Ich denke schon, das wäre eine sinnvolle Lösung, weil der Umzug von einer Plattform zur alternativen dann einfacher wäre. Die DSGVO geht ja ein wenig diesen Weg. Offengelegte Schnittstellen wären auch gut, dann könnte man notfalls auch etwas eigenes programmieren. Wie erfolgversprechend das sein kann, da bin ich allerdings nicht ganz sicher.

Wenn man das Internet gestern und heute vergleicht, was ist der größte Unterschied?

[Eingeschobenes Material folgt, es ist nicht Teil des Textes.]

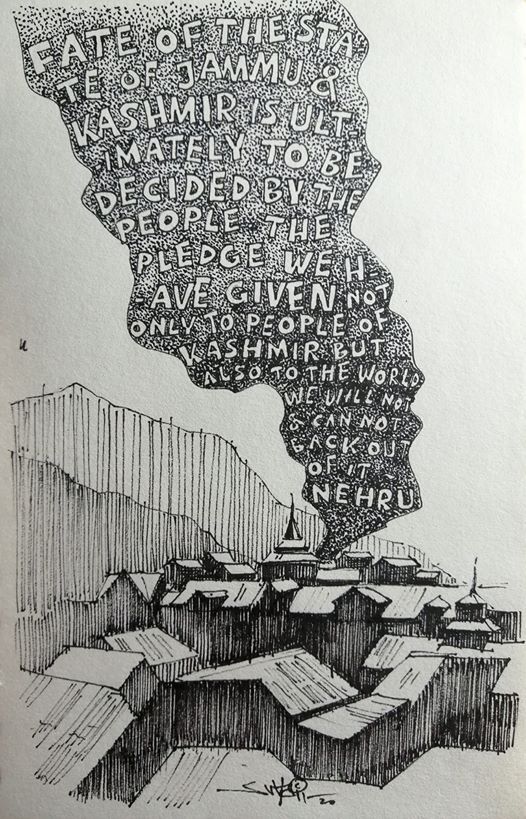 കാശ്മീരിന്റെ സ്വയം നിര്ണ്ണയാവകാശത്തെ കുറിച്ച് നെഹ്രു നല്കിയ വാഗ്ദാനം കരിമ്പുകയായി അന്തരീക്ഷത്തില് ഇപ്പോഴുമുണ്ട് എന്ന് ഓര്മിപ്പിക്കുന്ന സുഹൈലിന്റെ കാര്ടൂണ് കാശ്മീരിലെ എല്ലാ പ്രശ്നങ്ങളുടെയും അടിസ്ഥാന കാരണം എന്താണെന്ന് വ്യക്തമാക്കുന്നതാണ്.

Ich finde super toll, dass es in unseren Gesellschaften für jeden zur Verfügung steht. Man redet zwar immer so viel von den Hasstiraden, aber die allermeisten benutzen das Netz ja friedlich. Ich hätte nie gedacht, dass ich mal mit meinen über 80-jährigen Eltern über E-Mail kommuniziere oder per Skype pandemische Weihnachten feiere. Das ist sehr viel wert. Was ich vermisse, ist die Kollegialität. Klar, je größer das wird, desto weniger kennt man sich. Was mich auch nervt, sind die vielen Sicherheitsmaßnahmen, die man heute als Provider treffen muss. Das hält von der eigentlichen Arbeit ab und man hinkt den Angreifern einfach immer hinterher. Ich betreibe also einen Riesenaufwand zur Absicherung, aber der eigentliche Nutzeffekt bleibt der gleiche, denn ich verschicke anschließend immer noch E-Mail. Früher hat man sich zu wenig Gedanken gemacht. Dass die Sicherheit heute immer der erste Gedanke ist, das ist schade und trifft uns als Provider. Eine Sache geht mir heute auch ab im Vergleich zu früher. Man konnte früher die Leute mit dem Herstellen von Konnektivität echt glücklich machen. Nach der Wende haben wir eine Modemverbindung von der FU nach Magdeburg aufgebaut. Der DAAD hat das Modem gespendet – und die in Magdeburg waren so happy, dass sie endlich eine Verbindung in den Westen hatten. Die Mails, die wir da bekommen haben! Wir haben uns über Jahre getroffen. Man hatte menschliche Erfolgserlebnisse, nicht nur technische.

Frau Heinau, vielen Dank für das Gespräch.